How to complete this task
In the data below, the answer is the run of lines from the line containing "This wall clock" through the line containing "5月25日,在山东省巨野县董官屯镇,农民画师在乡村画院里绘制工笔牡丹画。", both included; print it exactly and nothing else.

Data
▽

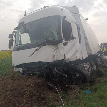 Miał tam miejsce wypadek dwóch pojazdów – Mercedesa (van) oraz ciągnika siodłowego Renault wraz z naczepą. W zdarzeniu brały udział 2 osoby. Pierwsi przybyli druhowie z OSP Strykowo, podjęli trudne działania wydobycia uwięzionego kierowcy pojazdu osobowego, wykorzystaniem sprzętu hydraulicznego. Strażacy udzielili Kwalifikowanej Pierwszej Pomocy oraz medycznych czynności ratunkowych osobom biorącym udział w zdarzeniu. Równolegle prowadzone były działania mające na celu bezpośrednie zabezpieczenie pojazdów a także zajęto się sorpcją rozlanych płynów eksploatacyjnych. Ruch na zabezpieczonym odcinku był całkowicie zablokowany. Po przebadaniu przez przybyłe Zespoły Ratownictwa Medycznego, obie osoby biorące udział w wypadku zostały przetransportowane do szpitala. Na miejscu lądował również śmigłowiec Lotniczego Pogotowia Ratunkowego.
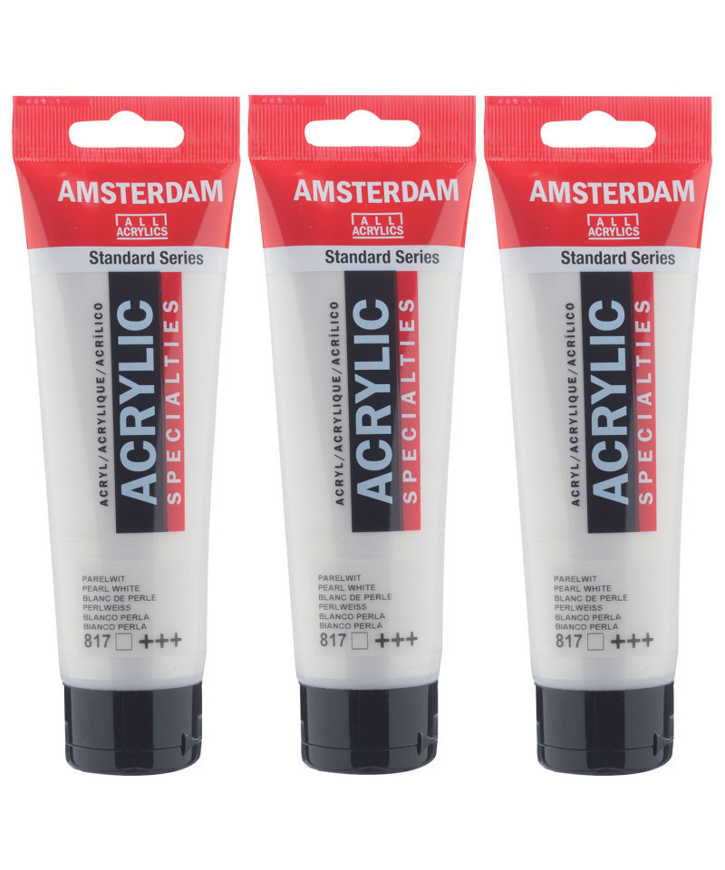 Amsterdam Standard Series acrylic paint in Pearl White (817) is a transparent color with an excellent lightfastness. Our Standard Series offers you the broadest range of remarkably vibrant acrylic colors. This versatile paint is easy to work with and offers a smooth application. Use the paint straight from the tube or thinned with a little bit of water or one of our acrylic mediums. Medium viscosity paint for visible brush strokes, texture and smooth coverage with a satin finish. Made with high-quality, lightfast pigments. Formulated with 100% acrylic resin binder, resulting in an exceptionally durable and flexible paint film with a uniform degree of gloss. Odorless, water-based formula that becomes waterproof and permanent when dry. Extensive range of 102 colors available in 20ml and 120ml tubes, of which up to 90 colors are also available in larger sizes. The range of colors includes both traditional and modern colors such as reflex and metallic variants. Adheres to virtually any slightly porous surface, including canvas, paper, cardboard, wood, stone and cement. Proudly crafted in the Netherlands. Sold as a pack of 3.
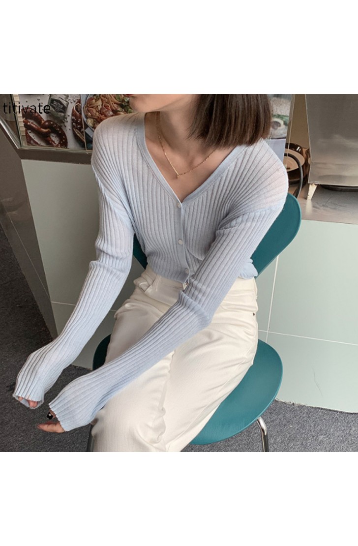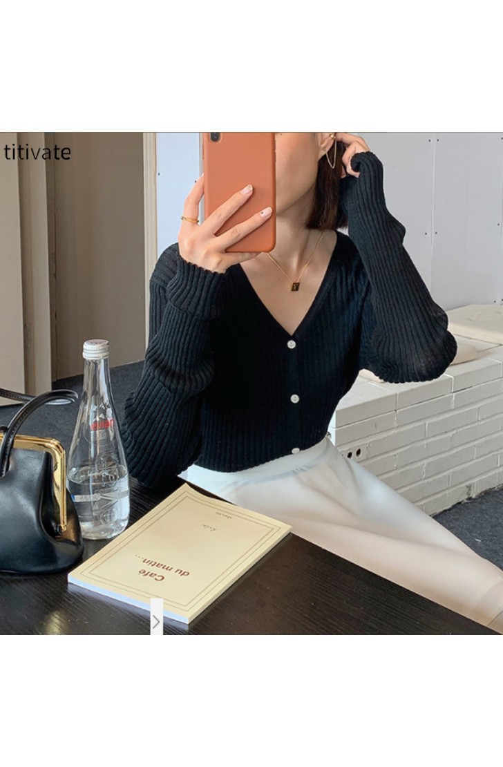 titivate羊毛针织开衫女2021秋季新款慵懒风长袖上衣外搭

△
▽

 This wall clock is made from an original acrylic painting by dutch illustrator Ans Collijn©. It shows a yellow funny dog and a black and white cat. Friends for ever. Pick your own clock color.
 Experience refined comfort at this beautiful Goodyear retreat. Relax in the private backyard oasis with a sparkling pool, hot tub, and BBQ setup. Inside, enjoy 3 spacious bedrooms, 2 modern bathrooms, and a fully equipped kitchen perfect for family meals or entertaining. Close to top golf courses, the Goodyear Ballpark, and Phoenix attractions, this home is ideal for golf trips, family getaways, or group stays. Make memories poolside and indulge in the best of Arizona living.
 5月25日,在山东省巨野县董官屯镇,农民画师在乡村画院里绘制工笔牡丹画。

△
▽

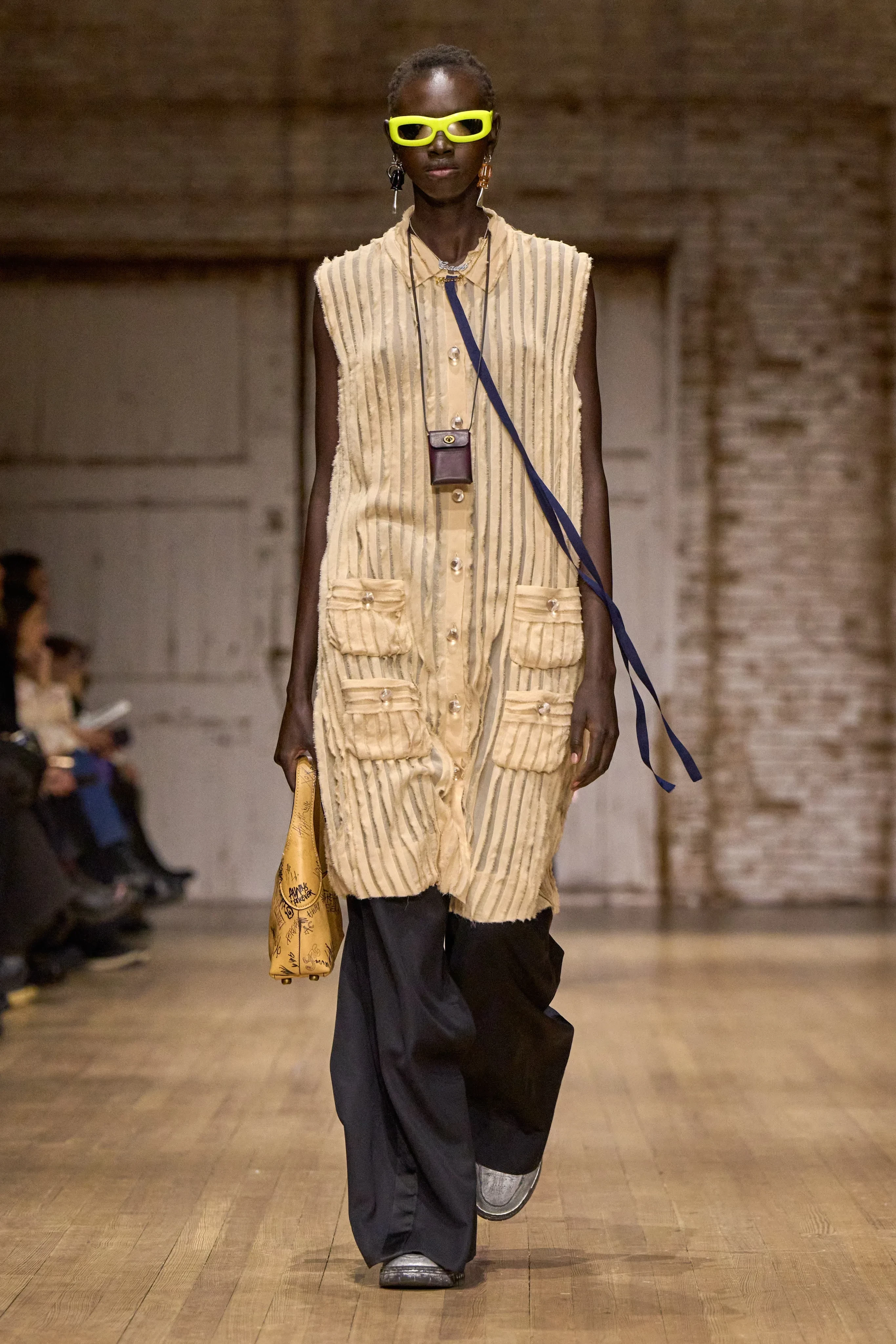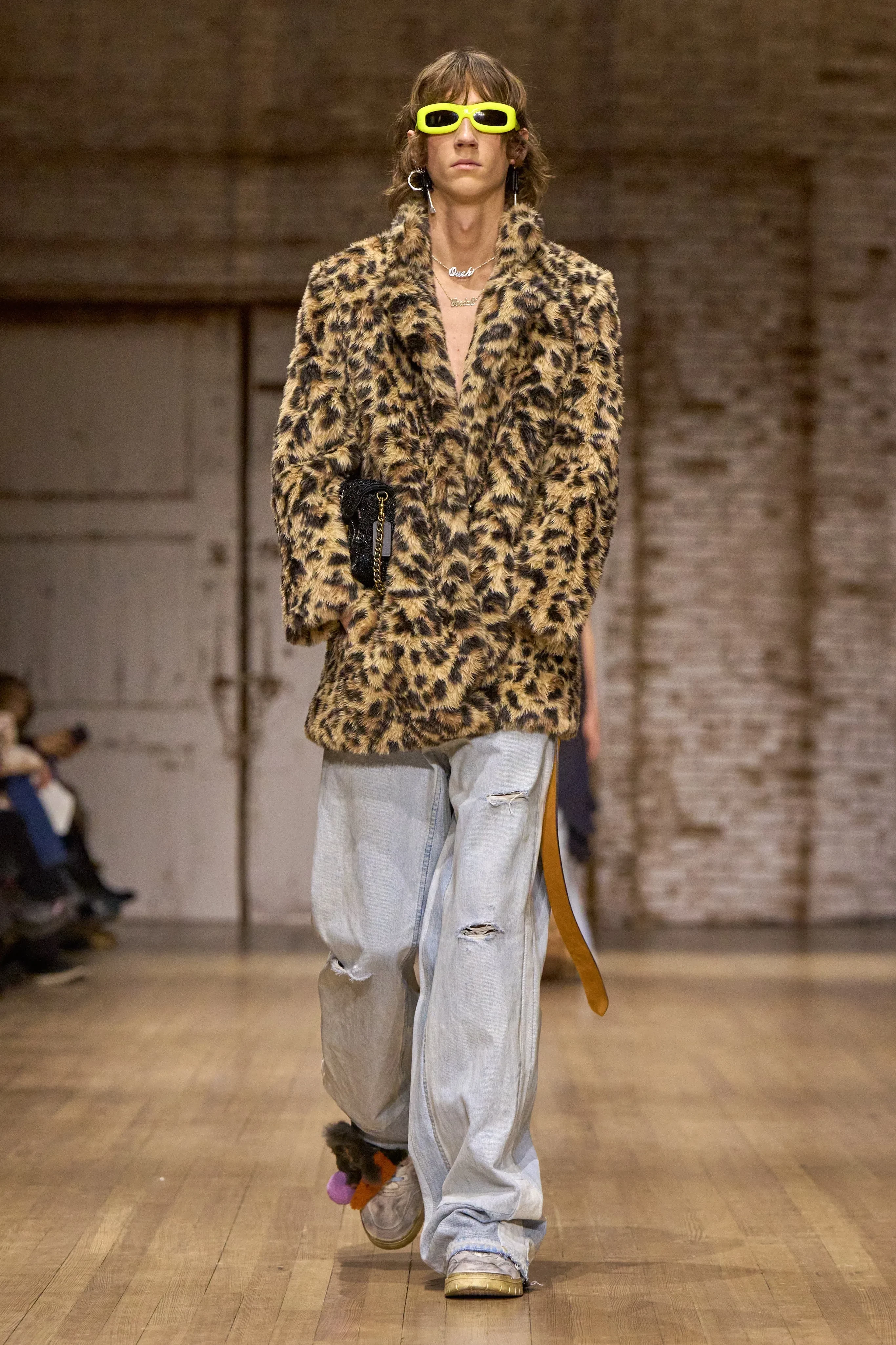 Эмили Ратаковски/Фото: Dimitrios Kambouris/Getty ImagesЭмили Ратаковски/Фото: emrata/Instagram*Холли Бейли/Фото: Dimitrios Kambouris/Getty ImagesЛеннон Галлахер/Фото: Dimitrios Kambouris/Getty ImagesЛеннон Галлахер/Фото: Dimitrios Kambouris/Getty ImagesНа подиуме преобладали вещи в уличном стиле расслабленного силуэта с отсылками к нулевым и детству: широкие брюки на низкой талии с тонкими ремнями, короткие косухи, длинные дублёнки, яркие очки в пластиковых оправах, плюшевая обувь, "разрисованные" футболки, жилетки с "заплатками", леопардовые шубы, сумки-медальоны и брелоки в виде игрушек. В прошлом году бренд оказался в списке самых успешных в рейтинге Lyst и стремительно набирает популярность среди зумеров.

△

Solution
 This wall clock is made from an original acrylic painting by dutch illustrator Ans Collijn©. It shows a yellow funny dog and a black and white cat. Friends for ever. Pick your own clock color.
 Experience refined comfort at this beautiful Goodyear retreat. Relax in the private backyard oasis with a sparkling pool, hot tub, and BBQ setup. Inside, enjoy 3 spacious bedrooms, 2 modern bathrooms, and a fully equipped kitchen perfect for family meals or entertaining. Close to top golf courses, the Goodyear Ballpark, and Phoenix attractions, this home is ideal for golf trips, family getaways, or group stays. Make memories poolside and indulge in the best of Arizona living.
 5月25日,在山东省巨野县董官屯镇,农民画师在乡村画院里绘制工笔牡丹画。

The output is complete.